TASK GOAL:
An exact copy of the data is needed, but without any of its images.

INPUT DATA:
↓
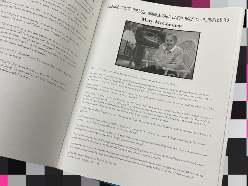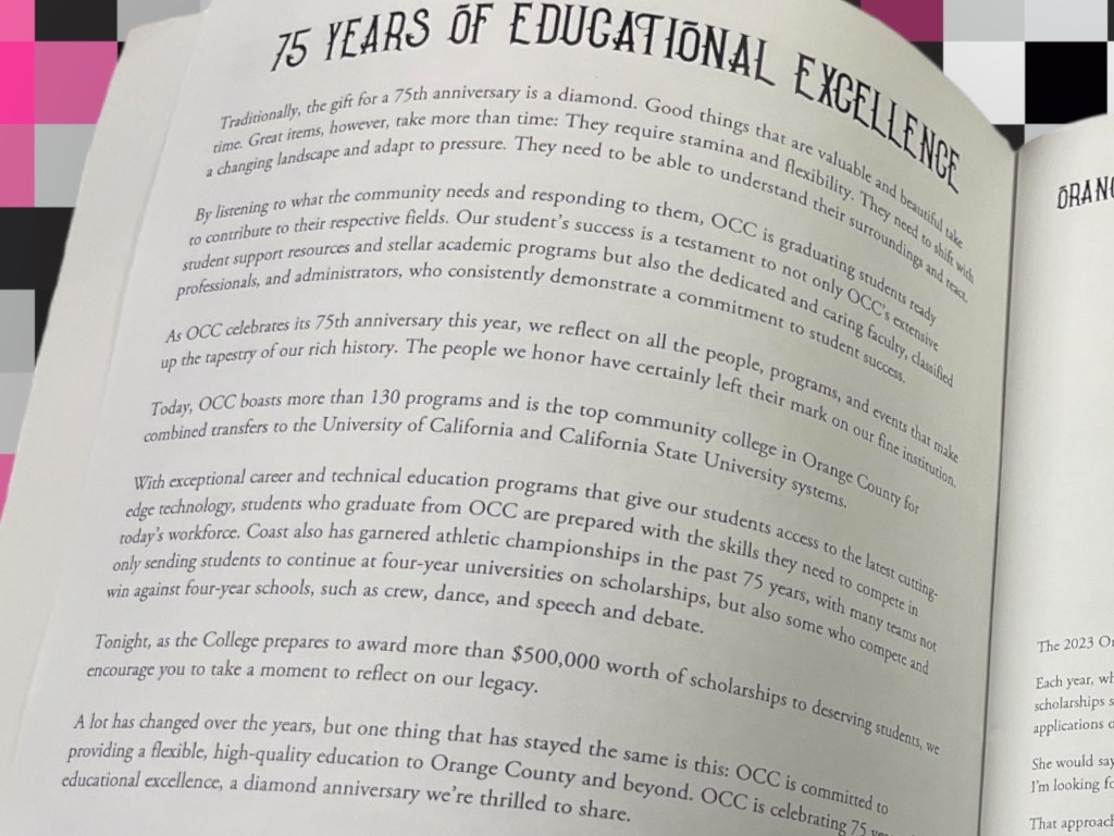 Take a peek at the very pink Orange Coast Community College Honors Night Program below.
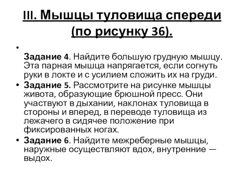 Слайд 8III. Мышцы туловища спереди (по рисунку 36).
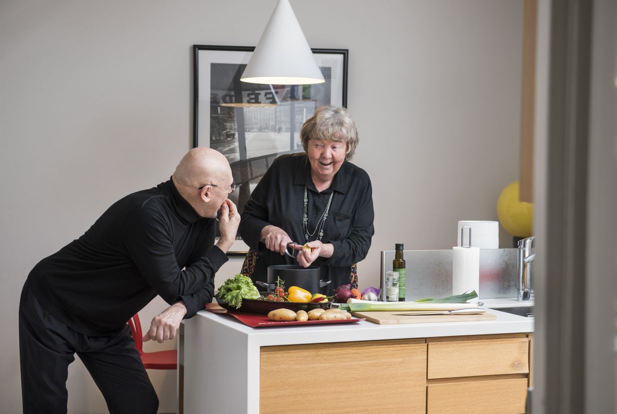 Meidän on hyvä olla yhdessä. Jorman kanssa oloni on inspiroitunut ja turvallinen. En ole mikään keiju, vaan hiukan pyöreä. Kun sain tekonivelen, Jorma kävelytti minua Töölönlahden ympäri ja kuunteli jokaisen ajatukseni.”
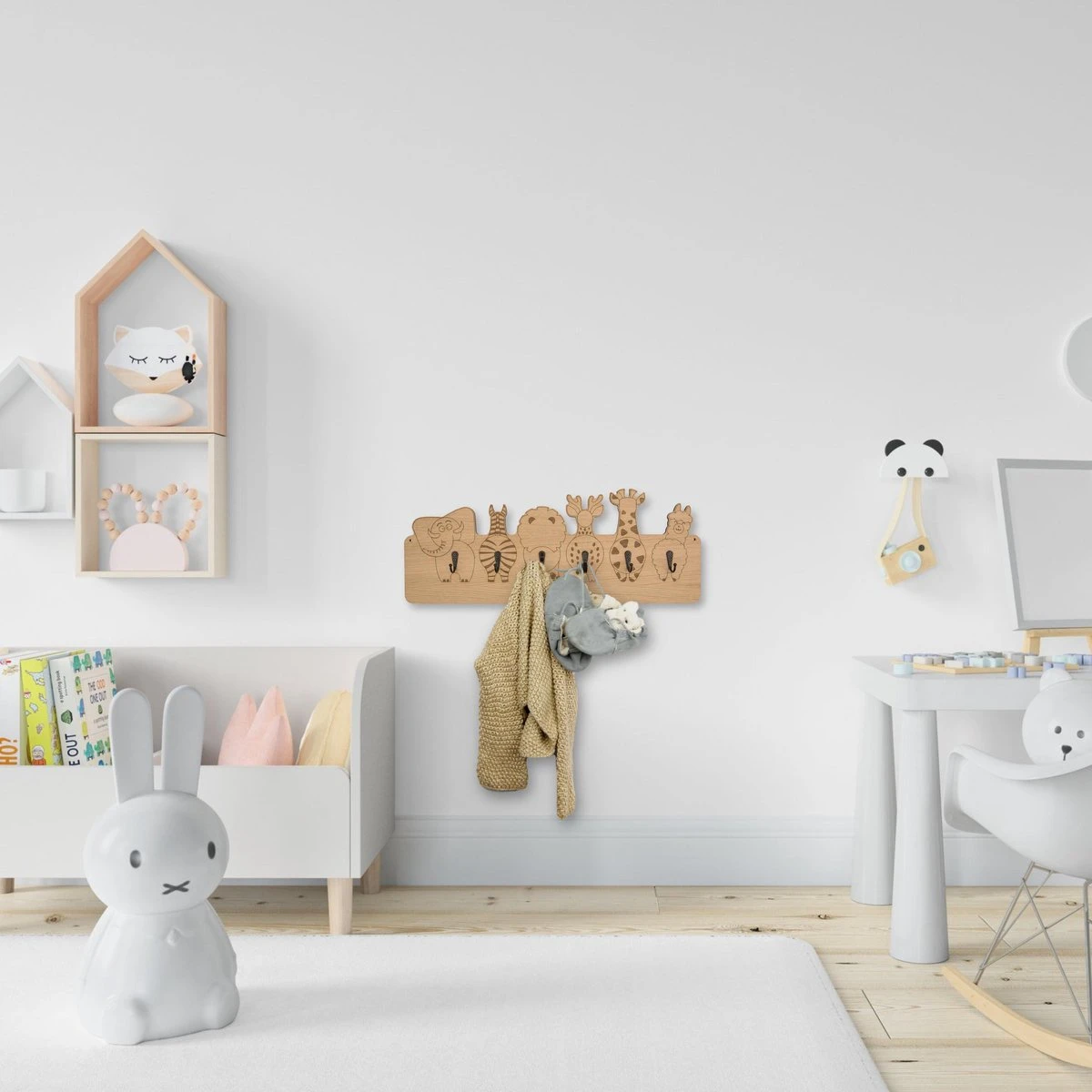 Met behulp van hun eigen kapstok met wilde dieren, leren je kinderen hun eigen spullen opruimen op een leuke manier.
↑
THE COMPLETED TASK:
 Take a peek at the very pink Orange Coast Community College Honors Night Program below.
 Слайд 8III. Мышцы туловища спереди (по рисунку 36).
 Meidän on hyvä olla yhdessä. Jorman kanssa oloni on inspiroitunut ja turvallinen. En ole mikään keiju, vaan hiukan pyöreä. Kun sain tekonivelen, Jorma kävelytti minua Töölönlahden ympäri ja kuunteli jokaisen ajatukseni.”
 Met behulp van hun eigen kapstok met wilde dieren, leren je kinderen hun eigen spullen opruimen op een leuke manier.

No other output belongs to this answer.